Raid 5 'at risk'

Dear All, I’m hoping someone can help me.

I have a file server in our small office which I set up with Windows Server 2019 essentials. I repurposed a small old intel 3rd gen machine by putting 5 ssds in it. One ssd is for boot, the other 4 were set up as a software raid 5 ReFS using disk manager in windows. It keeps database data for clients’ financial files which computers on the network can access.

I have an UPS connected to it, which showed as healthy through the software and is only a year and a half old, with load only around 10%, however we had a power outage in the area and generally unstable electricity for a few days here and the UPS didn’t keep the computer on long enough for a graceful shutdown; only a few seconds and off. This unfortunately happened a few times with the electricity here.

When I’ve checked the disks in disk manager, it first showed the disks resynching as expected. However after some time, it stopped with errors and then with the message on the array as ‘at risk’. One of the disks has an exclamation mark next to it, and when I went to reactivate to try to resynch, after some time I get the same error. A restart did not help.

I’ve checked event viewer and under windows logs → system, there are multiple error entries with the description: The device, \Device\Harddisk3\DR3, has a bad block. Also, on the regular backup of data from the array to the NAS, windows backup gives an error for one file with the description: Error in backup of Z:\Data\Sage Data\Payroll\Company_049\ARCHIVE\W19072020_16-13-36.001 during read: Error [0x80070017] Data error (cyclic redundancy check).

My question is if I bring this disk 3 ‘offline’ through disk manager, wipe it, check disk it to ‘repair’ the bad blocks, and then reassociate it with the raid5 array, can this work? Is this a viable solution?
In the meantime, I have ordered a couple of more SSDs to arrive tomorrow so I can add it to the system if it needs replacing.

Should I be doing anything else? My data does have a backup, but I’d rather not have to wipe everything and restore if I can possibly help it.

Many thanks for the time of anybody who reads and replies.

It certainly sounds like the disk is bad. Sadly I don’t have any experience with ReFS to be able to help you with anyhting particular to ReFS, so I will be speaking in general terms only.

Is the ReFS pool telling you it has dropped the drive, or is it still connected, but just reporting a bad CRC check?

If it is Raid 5, you should be able to survive a single drive failure, though if it is telling you it is at risk, you may already have a failed drive, so the rest of your data no longer has any redundant copies in the pool, so if anything else goes wrong, you have nothing to protect you, and if there are any bad sectors on the rest of the drives, you will not catch any bit rot that may have occurred when you rebuild it with a new drive.

This is why most have recommended against RAID5 since ~2009 or so. It’s better to step it up to RAID6, so you still have some redundancy during the rebuild if a drive fails.

Here are my thoughts (keeping in mind that I have zero ReFS experience. I usually use ZFS.)

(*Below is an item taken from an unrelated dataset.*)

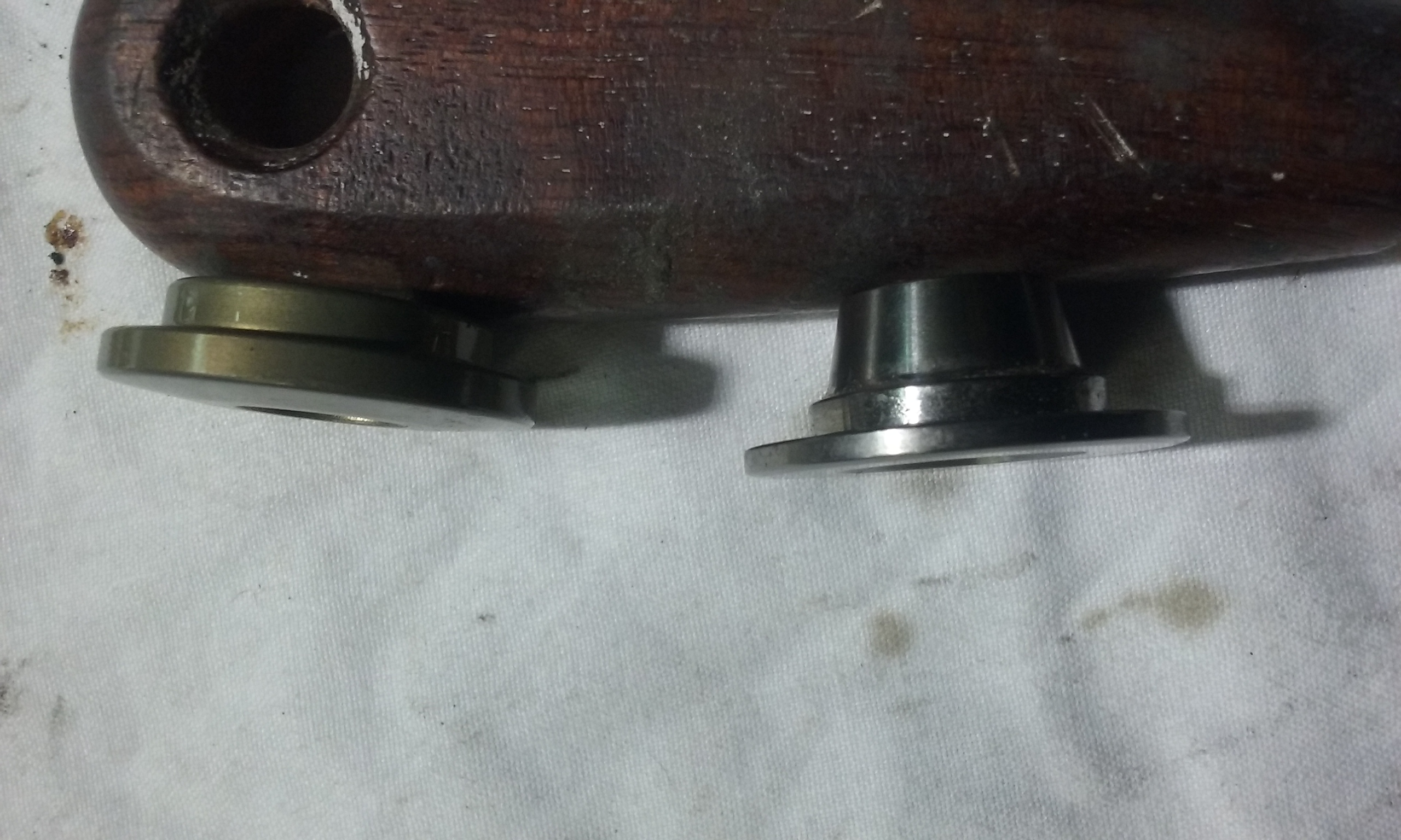 Problème de coupelles de soupapes...à gauche une Catcam comme j'avais déja,à droite une titane qui provient du lot acheté à Jérémy,seulement il y a une grosse différence de cotes ,j'ai l'impression que c'est pour un montage en double ressorts

If the drive is still actively part of the storage pool, you might still be protected from bad sectors. As soon as you remove a drive, the rest of the drives will still retain data, but now you lack the checksum data, so there is no redundancy.

If this data is important (and financial files/databases do sound like they are) I’d try to make a new back up the data before you take any drives offline just to make sure you have a current one. That way you will likely still have checksum data to catch any flipped bits. Back it up to something with redundancy. Even if it is just a two-way mirror using hard drives for now.

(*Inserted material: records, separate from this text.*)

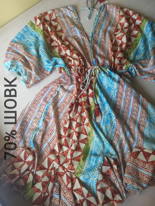 Летнее платье, пояс на резинке с завязками кисточками. V вырез из переда и на спине. Подойдет на размер XS,S,M. Ткань плотная не просвечивает. Почти не мнется, с легким блеском.
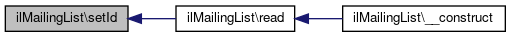 Here is the caller graph for this function:| ilMailingList::setId | ( | int | $a_mail_id = 0 | ) |
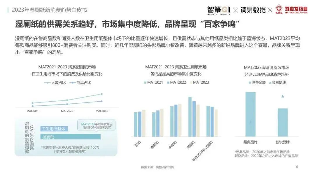 濕廁紙的在售商品數(shù)和消費(fèi)人數(shù)在衛(wèi)生用紙整體市場下的比重逐年快速增長,且供需狀態(tài)與其他用紙品類相比趨于藍(lán)海狀態(tài),MAT2023平均每款商品能夠吸引800+消費(fèi)者關(guān)注購買,同時(shí),近幾年濕廁紙的頭部品牌心智改善,隨著越來越多的新說品牌進(jìn)入這個(gè)賽道,品牌關(guān)系呈現(xiàn)出“百家爭鳴”的志勢。
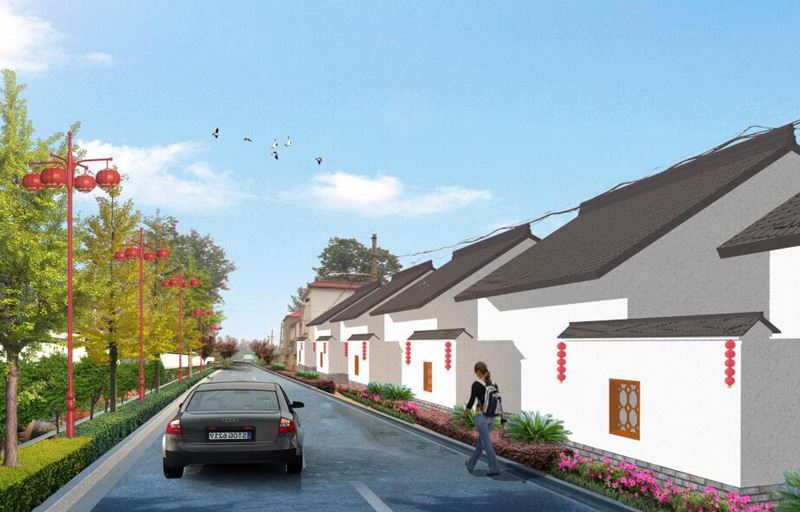 建筑方面,建議將沿街建筑墻面粉刷成白色,勒腳采用青磚貼面,墻面上的窗洞采用木質(zhì)帶有傳統(tǒng)花紋的格柵。
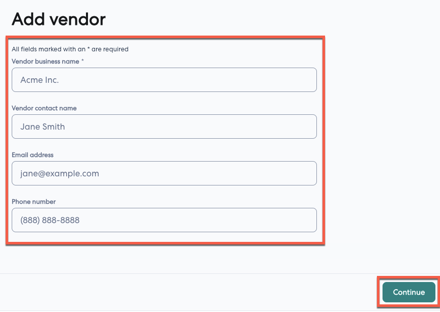 4- Enter the vendor's contact details in the Add vendor screen. Select continue when done.

Then start trouble shooting the drive.

It’s always better to have a backup, and hope you don’t need it.

Otherwise what you are proposing seems reasonable, to detach the drive from the pool, check it, and if good re-connect it, but I am guessing it is on its way out. I’m actually a little surprised, as SSD’s in my experience usually fail hard when they fail, they usually don’t just have random bad blocks. That’s more hard drive-like behavior.

All of this said, if you do this when you do rebuild the pool by adding the drive back in, you are still going to run the risk of flipped bits becoming permanent, as there are no checksums left.

Your best option may be to try to just replace the drive directly with one of those new drives you bought without first removing and troubleshooting it (I don’t know how ReFS does this, but on ZFS this is trivial, and your redundancies will be mostly intact during the rebuild process)

Then you can troubleshoot the removed drive, and if it is good, either replace ti back in again, OR just keep it as a spare.

Have these drives seen a lot of writes? Is it possible you have used up your NAND write cycles?

If this were my data, I’d probably replace this storage pool with RAID6 going forward, so you can still have redundancy data even if you have a drive fail, so you are protected during the rebuild process. But that is just me. I’m a little paranoid like that. Yes, I do have backups as well, but they are a pain to go back to, and can require downtime.